Publié le 26 octobre 2025 12:00:00. Des chercheurs de l’URV explorent le vieillissement des jonctions neuromusculaires et les moyens de préserver leur fonction. Une alimentation riche en antioxydants pourrait jouer un rôle clé dans le ralentissement de cette détérioration.
- Le vieillissement affecte la transmission de l’information entre les neurones et les muscles, notamment la libération de neurotransmetteurs.
- Une alimentation riche en antioxydants, comme un extrait de pépins de raisin, a montré des effets bénéfiques sur le fonctionnement des synapses chez les rats.
- Les chercheurs soulignent l’importance d’une approche combinant nutrition et mode de vie actif pour un vieillissement en bonne santé.
Comprendre les mécanismes exacts de la détérioration des jonctions neuromusculaires liées à l’âge est un défi scientifique majeur. L’Unité d’Histologie et Neurobiologie (UHNeurob) de l’Université Rovira i Virgili (URV), en partenariat avec le groupe MoBioFood, a mené une étude approfondie sur les modifications moléculaires au sein de ces connexions essentielles. Leur objectif : identifier comment le vieillissement impacte les molécules responsables de la transmission neuronale et comment une alimentation adaptée pourrait contrer ces effets négatifs.
L’équipe a examiné les jonctions neuromusculaires de rats, comparant des spécimens jeunes et âgés. Les résultats ont révélé une capacité surprenante des synapses à s’adapter aux dysfonctionnements induits par le vieillissement. « L’une des révélations les plus significatives a été la capacité des synapses neuromusculaires à maintenir efficacement le système malgré le vieillissement », explique María Angel Lanuza, chercheuse au Département des sciences médicales fondamentales de l’URV. Ces structures ajustent la présence de composants qui facilitent ou inhibent la transmission de l’information nerveuse.
Cependant, l’analyse a mis en lumière que certaines molécules directement impliquées dans la libération des neurotransmetteurs – les messagers chimiques du système nerveux – sont altérées par l’avancée en âge. Cette détérioration peut perturber le flux d’informations entre les neurones et les muscles, compromettant ainsi la fonctionnalité de la synapse. « Cette détérioration peut compromettre la fonctionnalité de la synapse ; par conséquent, les stratégies visant à améliorer son fonctionnement devraient se concentrer sur la libération de neurotransmetteurs », précise María Angel Lanuza.

Le rôle du stress oxydatif
Les recherches antérieures ont déjà pointé le stress oxydatif comme l’une des causes majeures du vieillissement cellulaire. Ce phénomène, caractérisé par une accumulation de radicaux libres – des molécules instables – endommage les structures cellulaires, nuisant ainsi à leur bon fonctionnement. Heureusement, une alimentation riche en antioxydants offre une parade partielle à ce processus.
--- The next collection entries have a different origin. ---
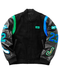 Step into urban style with the Aleali May Air Jordan Letterman Jacket, a fusion of real leather and wool fabric. This Air Jordan Letterman black Jacket pays homage to Aleali May's iconic fashion sense, blending comfort with a trendy design.
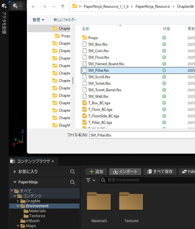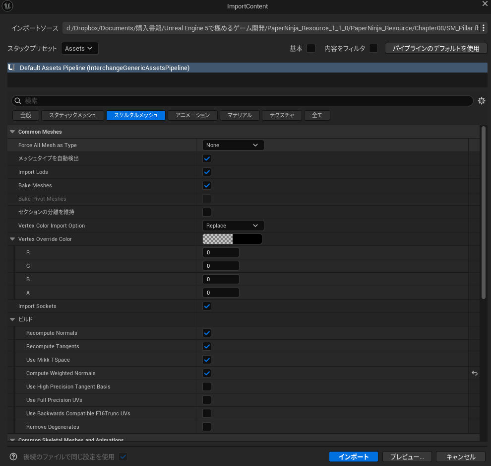 続けて、「第8章 基本的なアセットのインポート」に入る。104ページの一番下から始める。105ページの「インポート」ボタンを押すというところ。本と少し場所が違う。ここ。
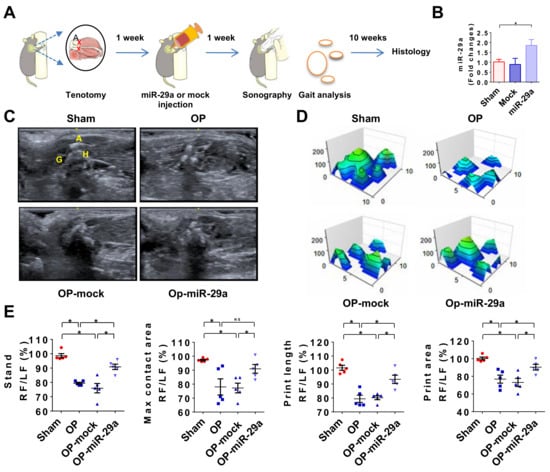 miR-29a precursor treatment improvement of shoulder injury. Schematic drawings for miR-29a precursor treatment for shoulder injury (A). miR-29a expression was increased at 1 week upon miR-29a precursor treatment (B). Echogenicity of injured shoulder was compromised upon miR-29a precursor treatment (C). Tenotomy-mediated irregular footprint (D) along with stand time, maximum contact area, footprint length, and footprint area (E) were improved upon miR-29a precursor treatment. Data are expressed as mean ± SEM from 5–6 mice. Asterisks * (p < 0.05) indicate significant difference between groups analyzed using ANOVA test and Bonferroni post-hoc test. A, acromion; G, glenoid; H, humeral head; Op, tenotomy surgery; RF, right forelimb; LF, left forelimb; NS, not significant.
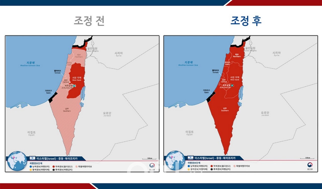 이번 조치로 현재 이스라엘 내 여행경보는 아래와 같이 재정비됐다. 레바논과 인접한 이스라엘 북부 접경지역(국경으로부터 4km 이내)과 가자지구는 여전히 최고 수위인 4단계(여행금지)가 유지된다. 그 외 전역은 모두 3단계(출국권고)로 지정됐다.
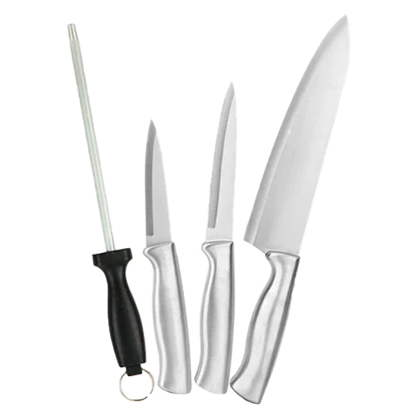 cuchillos y un afilador, compuestos de acero inoxidable, incluye un Cuchillo de
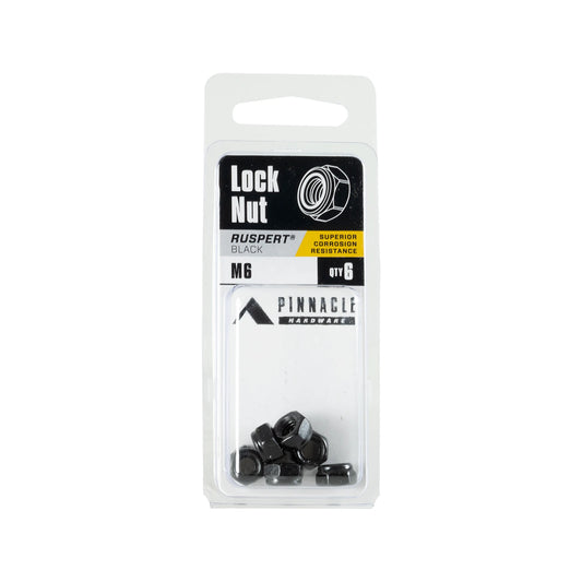 Pinnacle M6 Black Ruspert Nylon Lock Nut 6 Pack - Corrosion Resistant, Secure Fastening
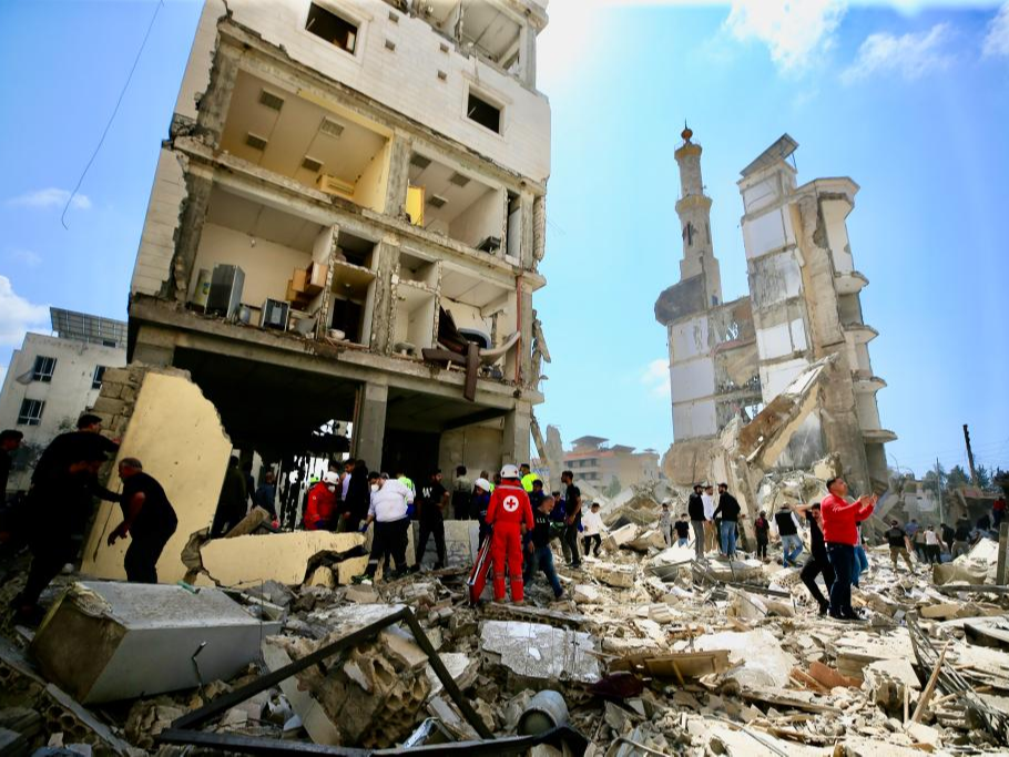 4月8日,在黎巴嫩南部西顿市,救援人员在以军空袭损毁的建筑废墟中寻找生还者。新华社发(阿里·哈希绍摄)

Afin d’évaluer concrètement l’impact de ces composés, l’équipe de recherche a administré à des rats âgés un extrait de pépins de raisin, réputé pour sa forte concentration en antioxydants. Les résultats se sont avérés prometteurs : l’extrait a aidé à maintenir l’équilibre de la signalisation responsable de la libération des neurotransmetteurs et a contribué à une amélioration de la fonction synaptique.
Aliments et antioxydants : un duo gagnant ?
« Ces résultats soutiennent la consommation régulière d’aliments riches en antioxydants dans le cadre d’une stratégie innovante, basée sur l’alimentation, pour promouvoir un vieillissement en bonne santé », conclut María Angel Lanuza. Les auteurs de l’étude insistent cependant sur la nécessité de poursuites recherches pour appréhender pleinement le vieillissement neuromusculaire, ses répercussions et les meilleures stratégies pour en atténuer les effets, particulièrement chez l’être humain.
Ils rappellent également que les bienfaits d’une alimentation équilibrée doivent s’accompagner d’un mode de vie actif. Cette combinaison est essentielle pour préserver la santé neuromusculaire et générale tout au long de la vie. « L’alimentation a un impact profond sur le fonctionnement de notre corps, souvent aussi pertinent que l’exercice que nous faisons tout au long de la journée », ajoutent les chercheurs.